Книга: Хроники Фрая
Назад: «Карлтон-клуб» и его заматерелость[170]
Дальше: Коралловое Рождество, Кессиди, «К4», Клэпхем, в котором нам не аплодировали, редкие хлопочки и член Колтрейна[176]

Куртуазная комедия

Скорее всего, если вы взяли на себя труд купить, позаимствовать или украсть эту книгу, вам довелось посмотреть «Черную Гадюку» или, по меньшей мере, услышать о ней, однако вы простите меня, если я опишу ее основные особенности — для блага американских и иных читателей. Действие второго сезона этой «исторической комедии положений» разворачивается в елизаветинской Англии; Роуэн Аткинсон играет заглавную роль Эдмунда, лорда Черная Гадюка, елейного, коварного, каверзного и привлекательно аморального придворного. Тони Робинсон и Тим Мак-Иннерни исполняют, как и в первом сезоне, роли его грязнули-слуги Болдрика и идиота-друга лорда Перси соответственно. Что касается двора, Миранда Ричардсон играет юную королеву Елизавету, Патси Берн — ее свихнувшуюся на идее большой груди кормилицу, а я — персонажа, которого описал мне Бен, лорда Мелчетта, подобие Уильяма Сесила, лорда Баргли, — раздвоенная борода, раздвоенный язык и подбитая мехом мантия.
Репетиции происходили в принадлежавшем Би-би-си здании «Норс-Эктон», уже знакомом мне по «Подпольным записям», «Хрустальному кубу» и эпизоду «Бэмби» из «Молодняка». Режиссером была очаровательная и одаренная Мэнди Флетчер. Пожалуй, мне следует объяснить разницу между режиссером многокамерных телевизионных съемок и режиссером кино или театра. В последних двух мирах режиссер-постановщик — это абсолютный монарх, принимающий все творческие решения и в конечном итоге отвечающий за то, что мы видим на экране или на сцене. В случае телевидения такую роль исполняет продюсер. Нашим был Джон Ллойд. Мэнди же полагалось решать, как следует перемещаться камерам, и координировать их движение — с тем, чтобы наилучшим образом передать придуманное Джоном и актерами.

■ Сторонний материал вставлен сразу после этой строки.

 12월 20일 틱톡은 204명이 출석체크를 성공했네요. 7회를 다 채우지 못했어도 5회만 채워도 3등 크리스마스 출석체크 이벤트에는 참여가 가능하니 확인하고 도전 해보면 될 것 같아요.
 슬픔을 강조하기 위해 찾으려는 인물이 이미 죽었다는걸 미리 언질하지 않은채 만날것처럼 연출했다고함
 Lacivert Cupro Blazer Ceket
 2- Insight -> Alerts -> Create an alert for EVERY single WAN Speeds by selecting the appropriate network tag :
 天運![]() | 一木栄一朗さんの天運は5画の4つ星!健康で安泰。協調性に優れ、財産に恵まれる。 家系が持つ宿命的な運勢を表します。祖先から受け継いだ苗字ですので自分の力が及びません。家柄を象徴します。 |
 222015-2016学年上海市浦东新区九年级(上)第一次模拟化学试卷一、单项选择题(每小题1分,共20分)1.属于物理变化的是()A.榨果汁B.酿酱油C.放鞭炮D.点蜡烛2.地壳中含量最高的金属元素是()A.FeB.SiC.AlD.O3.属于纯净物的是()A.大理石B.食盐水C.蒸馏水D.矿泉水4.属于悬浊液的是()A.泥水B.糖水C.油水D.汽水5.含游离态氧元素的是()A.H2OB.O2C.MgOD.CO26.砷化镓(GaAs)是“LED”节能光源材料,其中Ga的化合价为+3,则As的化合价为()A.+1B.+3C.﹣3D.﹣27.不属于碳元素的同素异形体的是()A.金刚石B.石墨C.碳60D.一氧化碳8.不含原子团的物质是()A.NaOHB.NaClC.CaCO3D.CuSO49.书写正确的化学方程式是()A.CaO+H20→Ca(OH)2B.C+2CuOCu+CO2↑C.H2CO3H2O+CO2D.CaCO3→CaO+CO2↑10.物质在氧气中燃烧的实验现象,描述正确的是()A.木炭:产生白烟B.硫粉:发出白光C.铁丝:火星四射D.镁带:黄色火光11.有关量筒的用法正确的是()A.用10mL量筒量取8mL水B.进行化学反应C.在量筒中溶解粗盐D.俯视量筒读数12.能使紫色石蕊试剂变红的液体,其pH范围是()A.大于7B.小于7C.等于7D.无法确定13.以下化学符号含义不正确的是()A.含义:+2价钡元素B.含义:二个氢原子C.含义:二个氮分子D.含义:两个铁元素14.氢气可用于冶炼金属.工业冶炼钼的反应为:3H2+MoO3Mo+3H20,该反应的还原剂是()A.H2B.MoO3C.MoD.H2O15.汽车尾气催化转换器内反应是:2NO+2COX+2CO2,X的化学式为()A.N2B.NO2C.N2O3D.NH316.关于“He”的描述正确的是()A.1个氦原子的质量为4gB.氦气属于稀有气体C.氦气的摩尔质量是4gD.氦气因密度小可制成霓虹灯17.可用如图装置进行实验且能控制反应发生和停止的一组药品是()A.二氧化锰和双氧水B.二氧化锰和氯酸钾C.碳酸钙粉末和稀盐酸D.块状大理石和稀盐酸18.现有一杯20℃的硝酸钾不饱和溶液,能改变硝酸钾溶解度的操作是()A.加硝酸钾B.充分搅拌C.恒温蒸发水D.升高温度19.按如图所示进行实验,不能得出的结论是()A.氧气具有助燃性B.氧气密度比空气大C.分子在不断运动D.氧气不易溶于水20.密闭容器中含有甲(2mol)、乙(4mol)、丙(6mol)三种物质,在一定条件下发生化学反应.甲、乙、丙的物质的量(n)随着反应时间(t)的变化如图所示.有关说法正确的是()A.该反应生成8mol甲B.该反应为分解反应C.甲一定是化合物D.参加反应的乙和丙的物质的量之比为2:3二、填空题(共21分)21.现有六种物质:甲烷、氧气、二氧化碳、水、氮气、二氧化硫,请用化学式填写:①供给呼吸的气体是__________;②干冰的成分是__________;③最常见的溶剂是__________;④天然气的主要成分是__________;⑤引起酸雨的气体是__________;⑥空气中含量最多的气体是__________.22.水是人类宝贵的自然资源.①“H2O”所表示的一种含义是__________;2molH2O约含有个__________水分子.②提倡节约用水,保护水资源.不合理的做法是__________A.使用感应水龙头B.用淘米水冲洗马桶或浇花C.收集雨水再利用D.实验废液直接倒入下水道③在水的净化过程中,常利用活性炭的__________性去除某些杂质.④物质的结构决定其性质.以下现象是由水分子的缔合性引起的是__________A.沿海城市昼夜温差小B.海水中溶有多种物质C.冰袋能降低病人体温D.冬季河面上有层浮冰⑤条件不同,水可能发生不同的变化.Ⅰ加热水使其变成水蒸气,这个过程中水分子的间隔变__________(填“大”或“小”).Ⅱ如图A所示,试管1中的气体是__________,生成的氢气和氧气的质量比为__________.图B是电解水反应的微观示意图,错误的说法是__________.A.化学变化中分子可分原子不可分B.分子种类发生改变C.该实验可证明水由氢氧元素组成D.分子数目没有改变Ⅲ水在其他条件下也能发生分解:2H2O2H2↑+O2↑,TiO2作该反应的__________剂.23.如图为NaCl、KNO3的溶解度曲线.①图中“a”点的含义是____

Я вовсе не хочу умалить ее роль и мастерство — просто очень многие думают, будто всем относящимся к сценарию, комическим идеям, управлению актерами и так далее ведает режиссер. На деле же это определялось нашим продюсером, тем более что ни Ричард Кёртис, ни Бен Элтон на репетициях присутствовать не любили.
Когда будет написана история британской телевизионной комедии, имя Джона Ллойда займет в ней видное место. Выпускник Кембриджа и участник «Огней рампы», он был ровесником своего друга и, время от времени, соратника Дугласа Адамса. После Кембриджа Джон стал работать на радио Би-би-си, где создал «Викторину новостей», «В кавычках» и другие викторины и комедийные шоу, а затем перебрался на телевидение и поставил «Недевятичасовые новости». Главным сценаристом этого шоу был Ричард Кёртис, одной из звезд — Роуэн Аткинсон. Естественно поэтому, что именно Джон и стал продюсером и «Черной Гадюки» Ричарда и Роуэна. Через год после того, как он спродюсировал первый сезон «Вылитого портрета», которым занимался потом до самого конца, Джон начал работу и над тремя последовательными сезонами «Черной Гадюки», лишь время от времени отвлекаясь на благотворительные и иные небольшие проекты. В 2003 году мы с ним приступили к работе над еще одним детищем его плодотворного мозга — над QI. Промежду прочим, — хотя за упоминание об этом Джон меня не поблагодарит — он был также сценарным консультантом нескольких эпизодов «На природе», и, стало быть, можно считать, что в течение большей части тридцати лет моя карьера шла в одной упряжке с его. Должен также сказать, не откладывая это на потом, что человек он совершенно сумасшедший.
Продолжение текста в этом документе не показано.